B Lab: You’ve done an amazing job of bringing out the purpose side of what business can be. I did see your article in The Guardian (another proud B Corp) where you spoke about the effects of COVID in countries like India and Nepal. The one thing that stuck out to me was when you said “COVID-19 will not be over for any of us until it is over for all of us.” I’d really like to hear a little bit more from you about that and what that looks like for your work. How do you think businesses can keep the rest of the world in mind while we will we work towards an economic recovery?
Audette: It seems to me to be so blindingly obvious, right? We are all connected.
When I’m talking to business people around the traps at the moment, they’re actually amazed when I start telling them this is what’s happening in the low and middle-income countries. On our project sites, we currently have 49 staff with COVID in a hospital setting that we run a set of excellence in. There’s no vaccine. Less than 1% of the vaccines administered in the world have currently gone to low-income countries. No vaccine, no oxygen supply, massive rise in child trafficking, massive rise in food insecurity because of the lockdowns. These people are living under governments that don’t have a tax base, so there’s no government funding to send you home to watch Netflix. It’s heartbreaking and it’s wrong. The only thing that’s going to change is when we have vaccines equitably shared and available worldwide.
If we truly want to build a better world, if we truly want freedom of movement, if we truly want to run global businesses, if we truly want to be decent human beings, we have to start to stand up in the fight for global equity.
B Lab: Absolutely. I love that you’ve been using your position and your power and your voice to advocate for the people who need it. I want to go back to some of the ways that Adara works and your Panel Members structure. Can you tell us a little bit about that?
Audette: This is the business model I’m going to take global. I want this model to be on Wall Street. I want it to be in the great financial services centres of the world. I’ve got big plans for this.

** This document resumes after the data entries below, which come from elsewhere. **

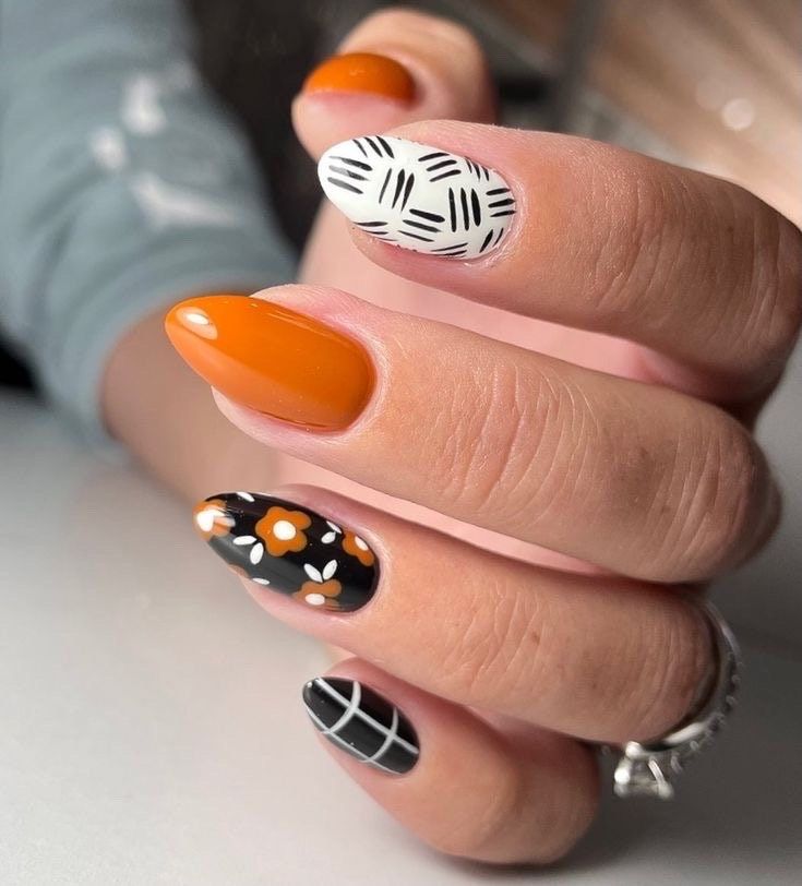 This chic design combines black and white patterns with bright orange accents. The mix of geometric and floral patterns adds a touch of sophistication, while the bright orange nails bring in the fall vibes. It’s a versatile look that works for any occasion.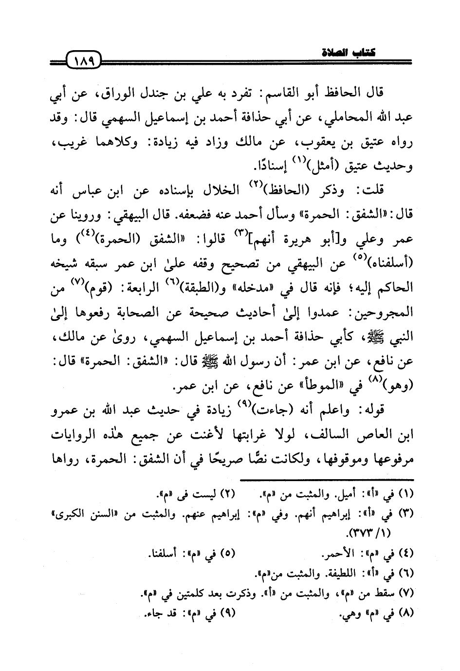 قلت: وَذكر (الْحَافِظ) الْخلال بِإِسْنَادِهِ عَن ابْن عَبَّاس أَنه قَالَ: (الشَّفق: الْحمرَة) وَسَأَلَ أَحْمد عَنهُ فضعفه. قَالَ الْبَيْهَقِيّ: وروينا عَن عمر وَعلي و [أَبُو هُرَيْرَة أَنهم] قَالُوا: «الشَّفق (الْحمرَة) » وَمَا (أسلفناه) عَن الْبَيْهَقِيّ من تَصْحِيح وَقفه عَلَى ابْن عمر سبقه شَيْخه الْحَاكِم إِلَيْهِ؛ فَإِنَّهُ قَالَ فِي «مدخله» و (الطَّبَقَة) الرَّابِعَة: (قوم) من الْمَجْرُوحين: عَمدُوا إِلَى أَحَادِيث صَحِيحَة عَن الصَّحَابَة رفعوها إِلَى النَّبِي - صَلَّى الله عَلَيْهِ وَسلم -، كَأبي حذافة أَحْمد بن إِسْمَاعِيل السَّهْمِي، رَوَى عَن مَالك، عَن نَافِع، عَن ابْن عمر: أَن رَسُول الله - صَلَّى الله عَلَيْهِ وَسلم - قَالَ: (الشَّفق: الْحمرَة) قَالَ: (وَهُوَ) فِي «الْمُوَطَّأ» عَن نَافِع، عَن ابْن عمر.
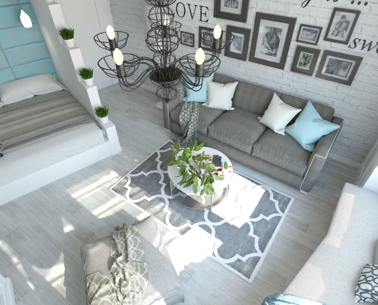 Дизайн проект 1 ком.квартиры для молодой семейной пары.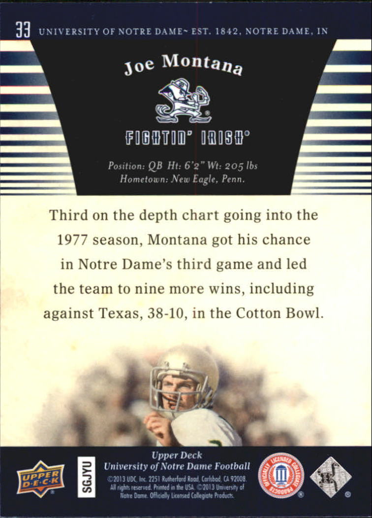 2013 Upper Deck Notre Dame #33 Joe Montana - FB

The model is: we’re a fully licensed corporate advice businesses. Adara Partners decided to have a shot at bringing the mastery of the best of the investment banking corporate advice market, and giving them the experience of what it’s like to do what they do brilliantly, with all fees generated to go into work with vulnerable client groups.
It’s a panel of 15 of Australia’s very well-known, high integrity senior investment bankers and advisors, including the amazing man who is the Chair of Goldman Sachs Australia & New Zealand, the amazing man who runs Citigroup’s investment banking, two Executive Chairmen at Barrenjoey, the former Chair of ANZ bank, some of the most senior members of the non-executive director community, some of the most senior lawyers, the former head of JP Morgan. The great and the good, the big men and women who are the leaders.
It’s a model of absolute mastery for purpose. It’s quite an exciting model, and that business is six years old. I’m so proud that is the business that’s received Best for the World. Watch out London, New York, Hong Kong, and Tokyo because we’re coming.
B Lab: I think there’s a lot of B Corp values in that model, which is that knowledge sharing, bridging gaps, and working with people that you wouldn’t expect to work with for this greater good.
Audette: It’s all about thinking outside of the box, right? Get out of our silos, uncap our thinking, and use our skills to make change and B Corp is a shining example of that.
Congratulations to Adara Partners for making the Best for the World 2021 list for Community.
Interviews have been edited for clarity and length.